The Court found the appellant’s petition had “no basis in an actual controversy” and refused to render a decision affecting possible contractual rights in the future.
Id.
Here, as in
Rusbarsky,
Parks’s Rule to Show Cause is not the proper vehicle to amend the AVC. Parks petitioned for a Rule to Show Cause why the AVC should not be modified to allow him to maintain
his license, essentially to modify his signed agreement which had been filed in 1987. Under Section 5, upon the filing of the signed AVC, the matter between the AG and Parks was “closed.” Section 5 authorizes the AG to reopen matters so closed for further proceedings in the public interest pursuant to Section 4 (restraining prohibited acts). Otherwise, the matter remains closed unless there are enforcement proceedings under Section 8. Parks is attempting to utilize a rule to show cause in a matter that has been closed for nearly two decades. Contrary to Parks’s assertions, the AG did not waive this issue because, in its Answer with New Matter, the AG specifically argued that Section 5 only permits the AG to open the AVC once closed. (AG’s Answer at 3, R. at 3.) The AVC is similar to a settlement agreement where parties forgo litigation in exchange for consideration. Just as in
Rusbarsky,
where the Court disallowed use of the rule to modify a signed release and settlement, the AVC similarly cannot be modified by a rule to show cause.

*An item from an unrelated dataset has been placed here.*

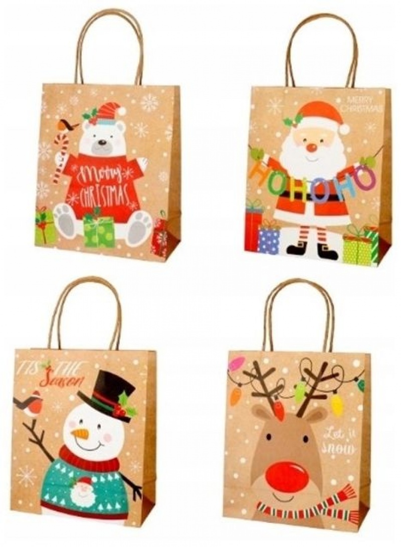 TORBA PREZENTOWA 21X25 BAŁWAN, RENIFER, NAPISY Torba prezentowa wymiar 21X25 CM   zestaw eleganckich toreb prezentowych wykonane z...

Furthermore, Section 8 does not appear to authorize the alleged violator of the Act to modify an AVC at will. It provides that, “for the purposes of this section [regarding civil penalties and enforcement],” the court in which the AVC is filed retains jurisdiction, and “in such cases,” the
AG
may petition for penalties or other relief. 73 P.S. § 201-8(a). The predicate for judicial involvement appears to be the filing of a petition for recovery of penalties or equitable relief. In other words, the matter previously closed must be affirmatively reopened. Although the AG argues that only the AG may file a petition, the merits of that contention are not clear, and we need not decide it here.
The only issue before us is whether the trial court was correct that a rale to show cause is not the appropriate procedure. In this instance, the rule is not the appropriate vehicle because it can be used only as an auxiliary to an existing controversy, not here where there is no open controversy before the court. Accordingly, we must affirm.
ORDER
NOW, November 15, 2006, the order of the Court of Common Pleas of Allegheny County in the above-captioned matter is hereby AFFIRMED.